How we send 22000 emails every hour

by Alex Yumashev · Updated Oct 2 2019

Our help desk software sends and receives about 22,000 (22 thousand) emails per hour.

That's more than half a million emails every day.

During US daytime it peaks to 25-30 emails per second and goes down to almost zero on a late Sunday evening - but only for 1-2 hours because Australians.

Here's a cute completely irrelevant story, feel free to skip. The phrase "Because Australians!" has actually become an inside joke/catchphrase in our company. See, Aussies and Kiwis (New Zealanders) wake up before everyone else (even before Japan). Basically they are the reason SaaS businesses don't have an outage/maintenance window. And a couple of times when we were about to put a server down for maintenance on a late Sunday evening (EU time), someone would shout "Wait! Don't do that!" - "What... Why?" - "Because Australians!"

So after 4 or 5 times this phrase is now used as an ultimate "42" answer why everything has to be up and running 24/7. I even have a tiny map of Australia in my office. I (nor anyone from the team) have never been to Australia or New Zealand, but hey, we're always thinking about you mates [wink]
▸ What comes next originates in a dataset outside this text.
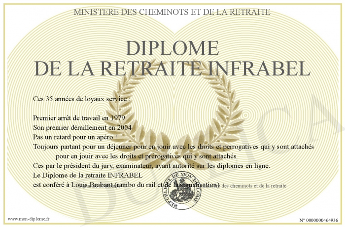 Envoyez par email votre Diplôme de la retraite INFRABEL personalisé
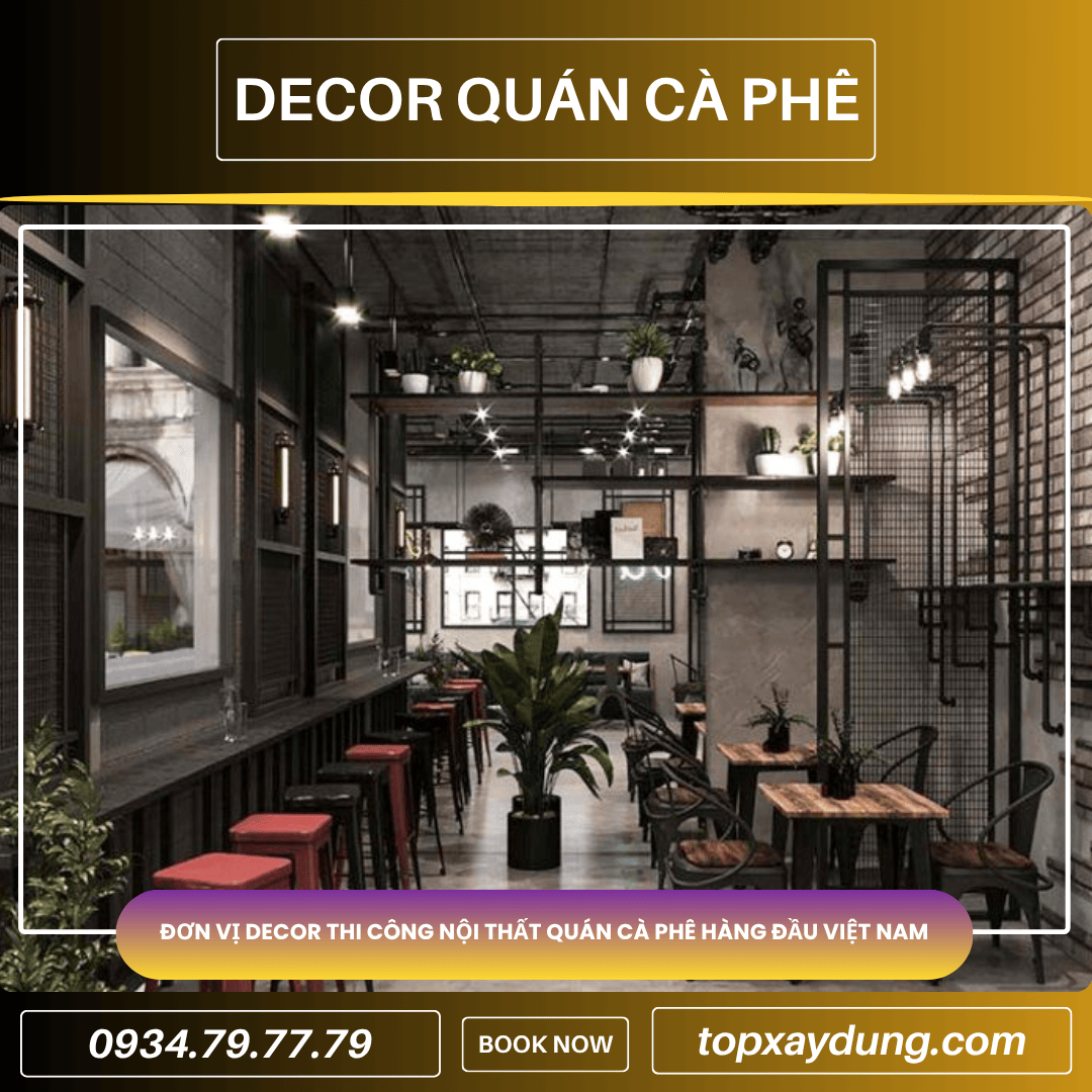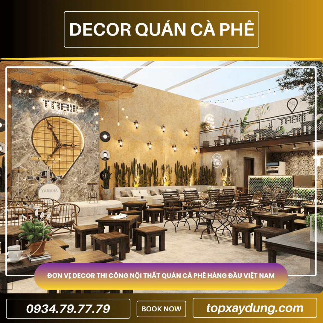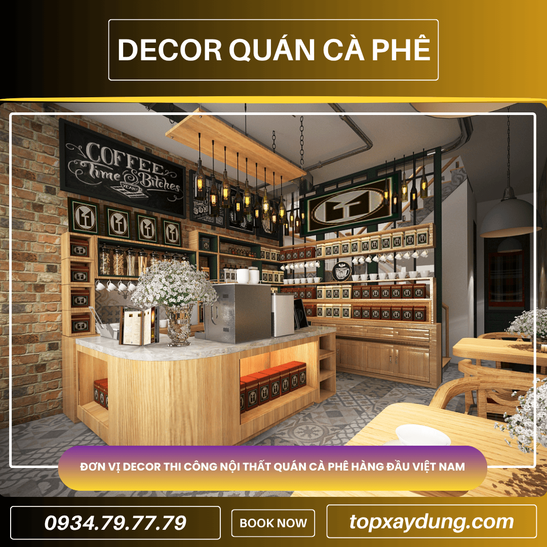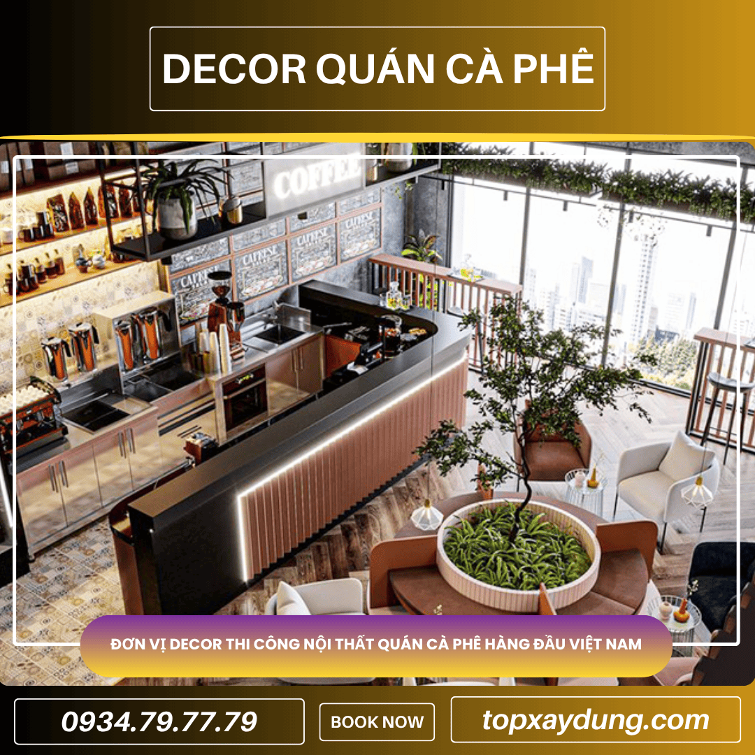 Dịch vụ decor thiết kế thi công nội thất quán cà phê độc đáo – sáng tạo, hiện đại, thu hút khách. Thi công trọn gói chuyên nghiệp. Nhận thiết kế cafe online bản vẽ 2D – 3D. Hotline 0934.79.77.79.

Anyway, back to our enormous amounts of email. Half a million per day.

We looked at paid PaaS providers like Mailgun, Sendgrid, Amazon SES... And all of them would cost several thousand a month at this scale. And since we're not a sexy funded startup from California, but a boring customer-funded business, we can't afford this bill.

The boring solution

That is why we finally settled on a... tiny AWS instance running Postfix under Ubuntu. It has 2 Gigs of memory, priced around $9/month and the CPU load rarely goes beyond 15%.

But we had to learn everything about email. Every damn bit.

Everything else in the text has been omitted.